Required action. Of all the entries below, only the lines from the one with "Gaucho pants. This" up to and including the one with "황토 미장과 황토 대리석으로" are to be duplicated exactly.

Input material.
▼▼▼

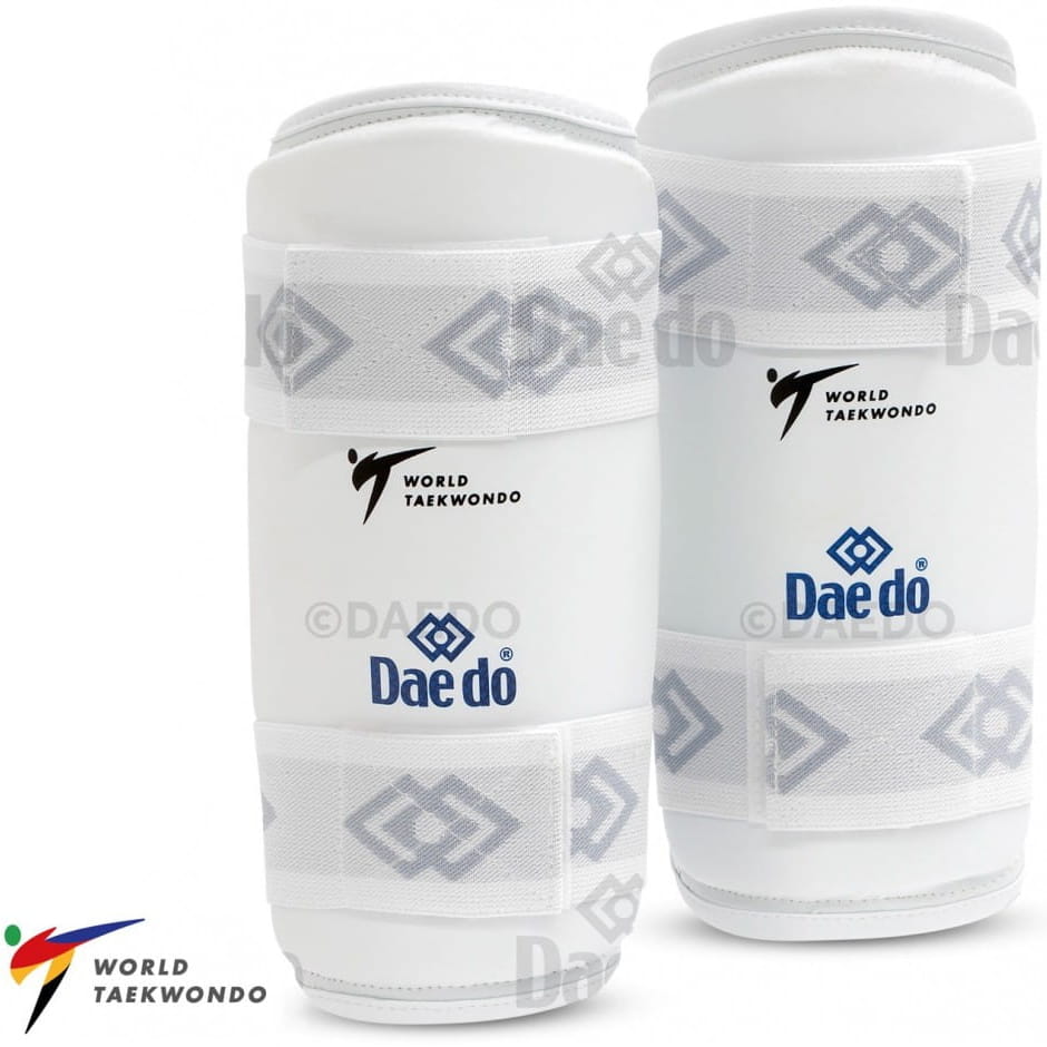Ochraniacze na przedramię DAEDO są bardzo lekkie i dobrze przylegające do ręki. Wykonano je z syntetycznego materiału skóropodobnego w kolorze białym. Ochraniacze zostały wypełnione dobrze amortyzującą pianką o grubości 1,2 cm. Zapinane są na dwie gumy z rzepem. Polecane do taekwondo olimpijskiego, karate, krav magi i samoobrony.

▲▲▲
▼▼▼

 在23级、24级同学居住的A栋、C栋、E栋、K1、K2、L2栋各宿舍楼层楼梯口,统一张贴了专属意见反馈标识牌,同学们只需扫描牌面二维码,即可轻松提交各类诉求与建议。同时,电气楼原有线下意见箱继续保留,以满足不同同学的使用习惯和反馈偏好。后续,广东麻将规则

▲▲▲
▼▼▼

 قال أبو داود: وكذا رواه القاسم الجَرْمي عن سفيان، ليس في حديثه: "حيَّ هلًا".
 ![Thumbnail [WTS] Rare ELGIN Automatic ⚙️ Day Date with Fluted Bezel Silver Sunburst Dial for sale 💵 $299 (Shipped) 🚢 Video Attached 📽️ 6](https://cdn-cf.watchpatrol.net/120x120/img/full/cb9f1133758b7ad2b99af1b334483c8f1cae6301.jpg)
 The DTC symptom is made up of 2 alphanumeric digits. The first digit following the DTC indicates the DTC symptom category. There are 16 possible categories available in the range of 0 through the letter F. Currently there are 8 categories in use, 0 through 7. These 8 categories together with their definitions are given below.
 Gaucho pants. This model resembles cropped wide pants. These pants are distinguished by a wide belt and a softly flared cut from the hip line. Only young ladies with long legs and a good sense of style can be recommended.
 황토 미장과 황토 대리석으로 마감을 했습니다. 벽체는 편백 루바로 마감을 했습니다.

▲▲▲

Written solution.
 Gaucho pants. This model resembles cropped wide pants. These pants are distinguished by a wide belt and a softly flared cut from the hip line. Only young ladies with long legs and a good sense of style can be recommended.
 황토 미장과 황토 대리석으로 마감을 했습니다. 벽체는 편백 루바로 마감을 했습니다.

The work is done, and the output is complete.